For this exercise, output the entries below exactly from the line that holds "Електрична зубна щітка" to the line that holds "Описание: Картина 50", both ends included. No pictures belong in the copy.

_EXCERPTED DATA_
BEGIN

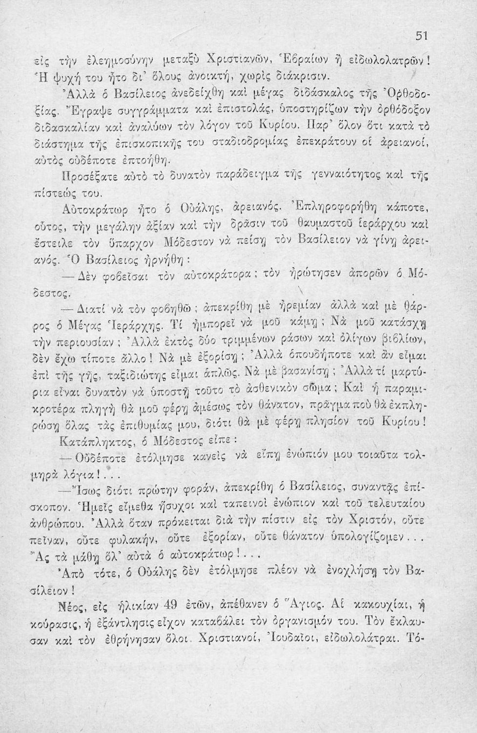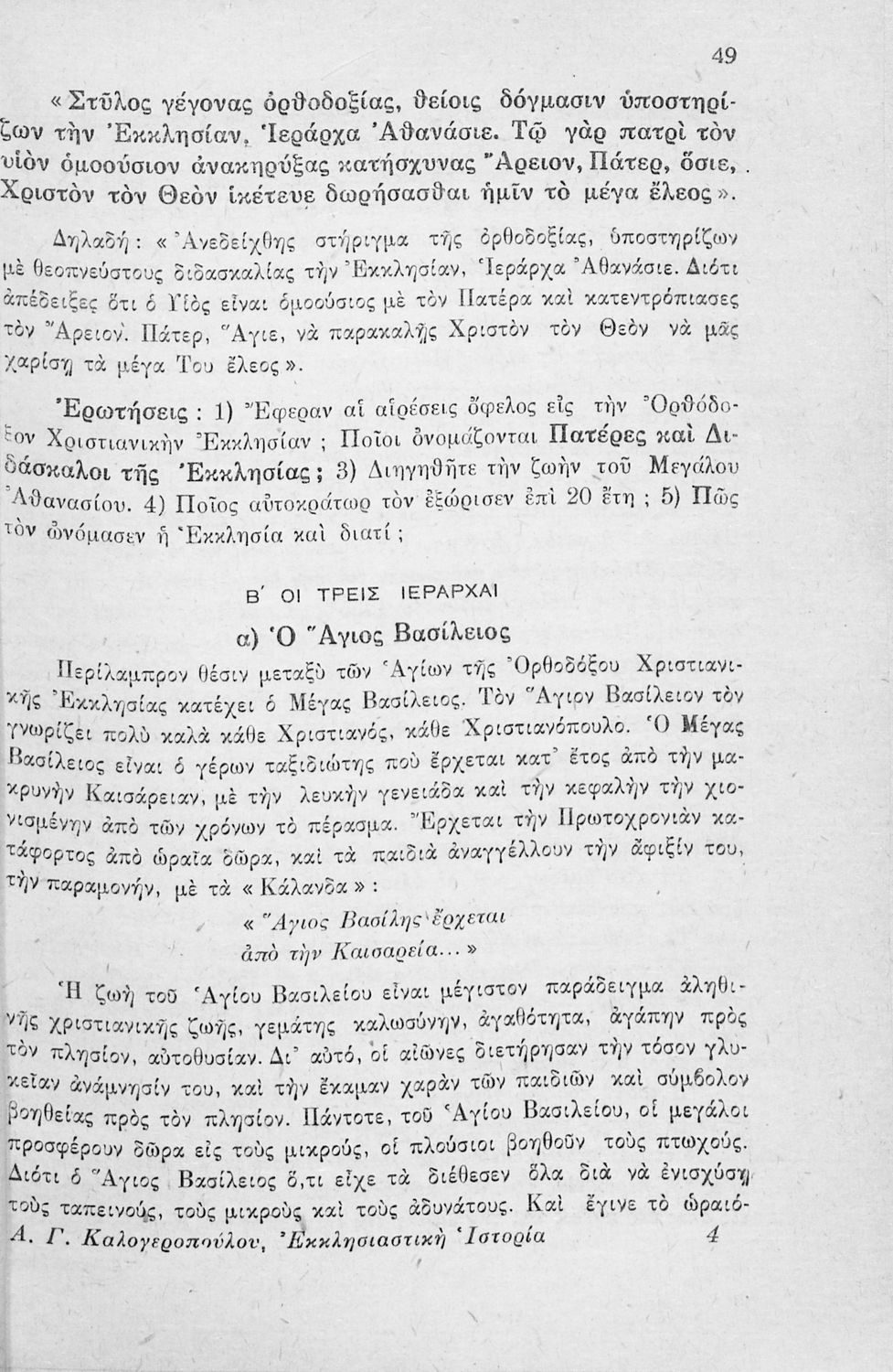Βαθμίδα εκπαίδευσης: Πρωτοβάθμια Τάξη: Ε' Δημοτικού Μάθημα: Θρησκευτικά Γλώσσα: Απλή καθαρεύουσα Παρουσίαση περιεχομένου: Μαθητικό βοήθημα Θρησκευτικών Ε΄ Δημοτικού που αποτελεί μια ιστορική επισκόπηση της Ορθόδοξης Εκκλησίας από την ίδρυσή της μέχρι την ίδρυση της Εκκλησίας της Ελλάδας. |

END
BEGIN

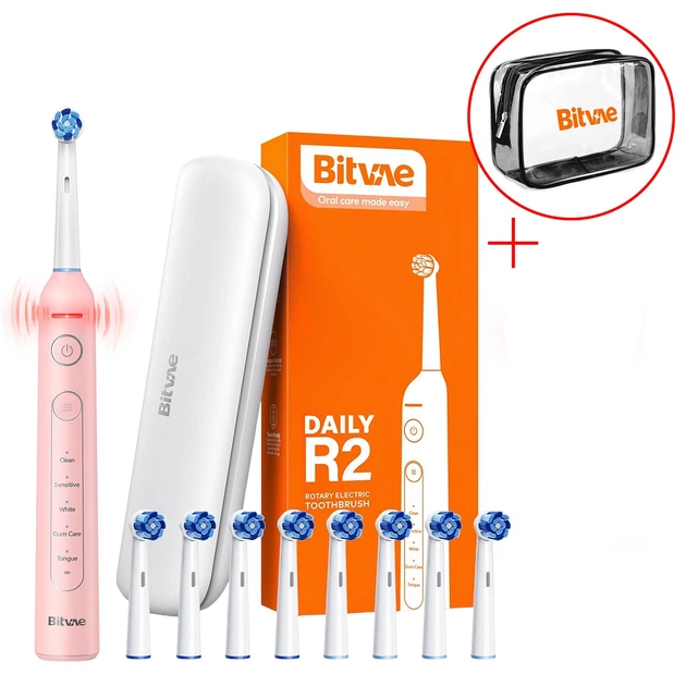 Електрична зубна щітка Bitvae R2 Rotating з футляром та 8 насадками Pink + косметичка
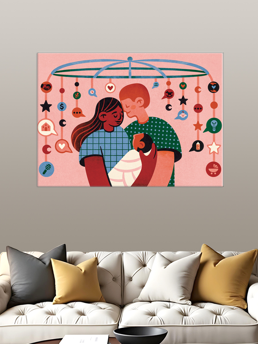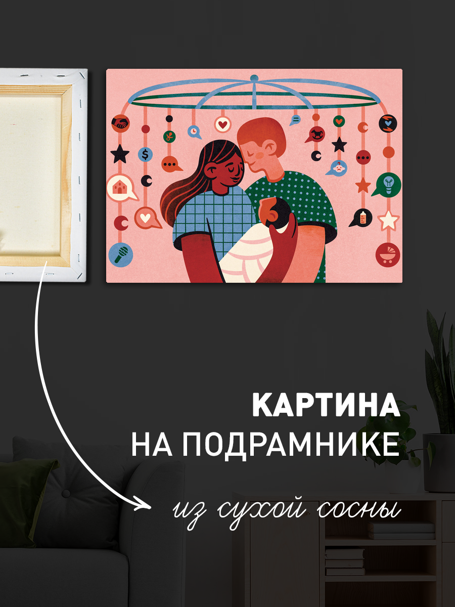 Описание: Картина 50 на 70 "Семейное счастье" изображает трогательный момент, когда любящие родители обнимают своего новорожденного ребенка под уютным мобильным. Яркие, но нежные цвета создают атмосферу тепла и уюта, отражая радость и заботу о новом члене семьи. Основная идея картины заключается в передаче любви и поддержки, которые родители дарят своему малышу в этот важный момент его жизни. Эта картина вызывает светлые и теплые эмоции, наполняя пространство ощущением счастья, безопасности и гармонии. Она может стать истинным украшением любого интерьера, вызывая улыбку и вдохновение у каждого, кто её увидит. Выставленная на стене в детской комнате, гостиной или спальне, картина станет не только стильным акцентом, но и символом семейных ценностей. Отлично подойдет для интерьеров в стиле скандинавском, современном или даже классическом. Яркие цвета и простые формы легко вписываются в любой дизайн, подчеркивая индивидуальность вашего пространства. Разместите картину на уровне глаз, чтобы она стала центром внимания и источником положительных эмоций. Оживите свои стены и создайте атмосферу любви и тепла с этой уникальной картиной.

END

_ANSWER TO THE PROBLEM_
 Електрична зубна щітка Bitvae R2 Rotating з футляром та 8 насадками Pink + косметичка
 Описание: Картина 50 на 70 "Семейное счастье" изображает трогательный момент, когда любящие родители обнимают своего новорожденного ребенка под уютным мобильным. Яркие, но нежные цвета создают атмосферу тепла и уюта, отражая радость и заботу о новом члене семьи. Основная идея картины заключается в передаче любви и поддержки, которые родители дарят своему малышу в этот важный момент его жизни. Эта картина вызывает светлые и теплые эмоции, наполняя пространство ощущением счастья, безопасности и гармонии. Она может стать истинным украшением любого интерьера, вызывая улыбку и вдохновение у каждого, кто её увидит. Выставленная на стене в детской комнате, гостиной или спальне, картина станет не только стильным акцентом, но и символом семейных ценностей. Отлично подойдет для интерьеров в стиле скандинавском, современном или даже классическом. Яркие цвета и простые формы легко вписываются в любой дизайн, подчеркивая индивидуальность вашего пространства. Разместите картину на уровне глаз, чтобы она стала центром внимания и источником положительных эмоций. Оживите свои стены и создайте атмосферу любви и тепла с этой уникальной картиной.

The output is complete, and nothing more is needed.